It's his 360, he can do with it as he pleases. He knows what he's doing so the odds of him royally screwing it up are much lower than a novices.



GoSuNi said:


> I believe 'tis is best to leave it be. Best not to risk your own 360 for such activity.


----------



## stressfreesoul

The simplest way of quietening your 360 now is to install the game you want to play. Mine is silent through GTA4 and most of Gears Of War 2. Extends the life of your disk drive too (who agrees that replacing the Hard drive is soooo much easier?!)


----------



## GoSuNi

stressfreesoul said:


> The simplest way of quietening your 360 now is to install the game you want to play. Mine is silent through GTA4 and most of Gears Of War 2. Extends the life of your disk drive too (who agrees that replacing the Hard drive is soooo much easier?!)


How do you install, it sounds intresting.


----------



## Carey7090

The HDs snap off really easily. It shows how to in the manual and I'm sure the Xbox website shows you how too.



GoSuNi said:


> How do you install, it sounds intresting.


----------



## stressfreesoul

Carey7090 said:


> The HDs snap off really easily. It shows how to in the manual and I'm sure the Xbox website shows you how too.


??I meant installing games onto the hard disk, not installing the hard disk into the Xbox...
To install your game to Hard Disk, go to your Games Library tab in the My Xbox dashboard section, making sure the game disk is in.
Select the game you want to install from the recently played list, you should then get the option to install it.
It usually takes about 10 minutes (depending on the game).
Read this page for more information.


----------



## chovy

looks pretty simple..
im going to have to look into this


----------



## justiceafm

I found it best to used a air spray can. spray he back of our unit where the cooling unit is. Also, lay your counsol flat, don't stand it upright. if for some chance it gets knocked over, you'll get the red rings of death!


----------



## ExMachina

Gotta agree with stressfreesoul, simply installing the games you play directly onto the hdd makes it so much quieter.


----------



## stressfreesoul

justiceafm said:


> I found it best to used a air spray can. spray he back of our unit where the cooling unit is. Also, lay your counsol flat, don't stand it upright. if for some chance it gets knocked over, you'll get the red rings of death!
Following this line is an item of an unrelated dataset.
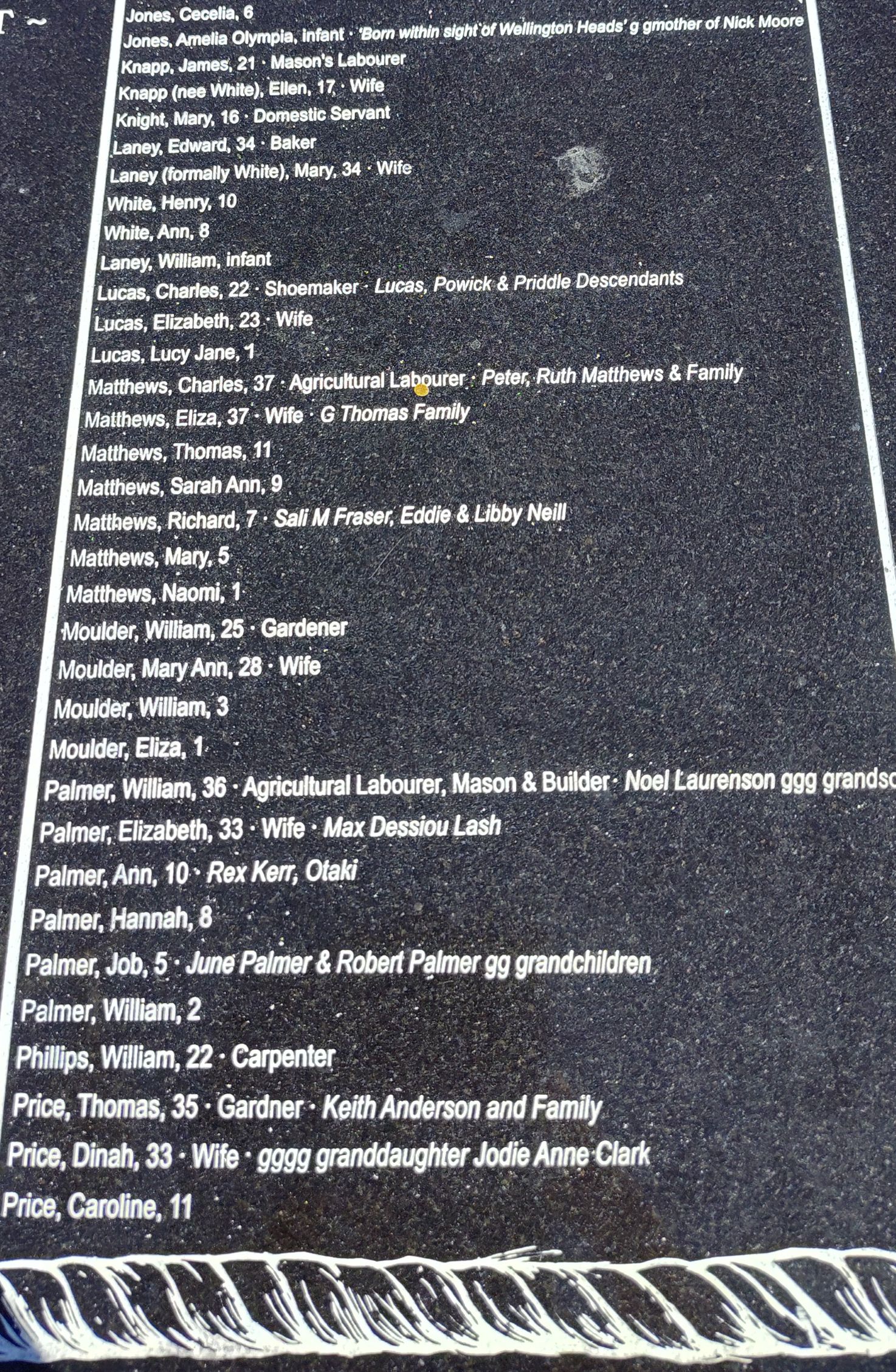 Inscription details Inscription ID:1963 Brief Description:Olympus passenger list, Nelson, New Zealand Type:Plaque Detail:Part of a series of engraved granite panels listing ships and passengers arriving 1841-1850 Inscription:OLYMPUS [ 28-10-1842 ] Charles Thorp, a cabin passenger, aged 21, first settled in Stoke.... [See photos for more detail.] Place:The Wharf, Nelson County:South Island Country:New Zealand Date:1842-2000 Contributor:Marilyn Astle Photo(s):Olympus1NZ_280226.jpgOlympus2NZ_280226.jpgOlympus3NZ_280226.jpgOlympus4NZ_280226.jpg Names:View all names on inscription Do another search

One of the major intake vents for cold air in is on the end you would stand it up on too, so standing it up slightly restricts airflow.
I just got mine back from an Error 74 (Graphics Chip or Scaler Chip issues) repair. Microsoft in Germany are very quick. They had a new motherboard in, tested and on its way back to me in 2 days. Unfortunately, it was over christmas so I had to wait for UPS to get delivering again...


----------



## Gnard Smasha

Don't know if anyone has ever seen this guy before, but he has done some of the most AWESOME Xbox360 mods I've ever seen.

Xbox 360 Portable

This is one that he's doing for a soldier who's getting deployed and asked him for some help

I would gladly pay $1,000+ for one of these.


----------



## gamer(ps)

how is there a sound problem in the 360?


----------



## Ryujin jakka

ebackhus said:


> I have a much easier method that requires no tools and only seconds to complete:
> 
> TURN UP TEH VOLUME!! RAHHHHH!!


haha funny mate


----------



## azion

Have you tried this yet?


----------



## GeekyKid

Pretty cheap but also installing the games to the harddrive quiet the xbox.


----------



## Laxer

I would have to agree with everybody else.

The loudest part of the 360 is by far the disk drive. If you have the game installed to your HDD the disk drive is no longer used (disk isn't even spinning) while playing the game.


----------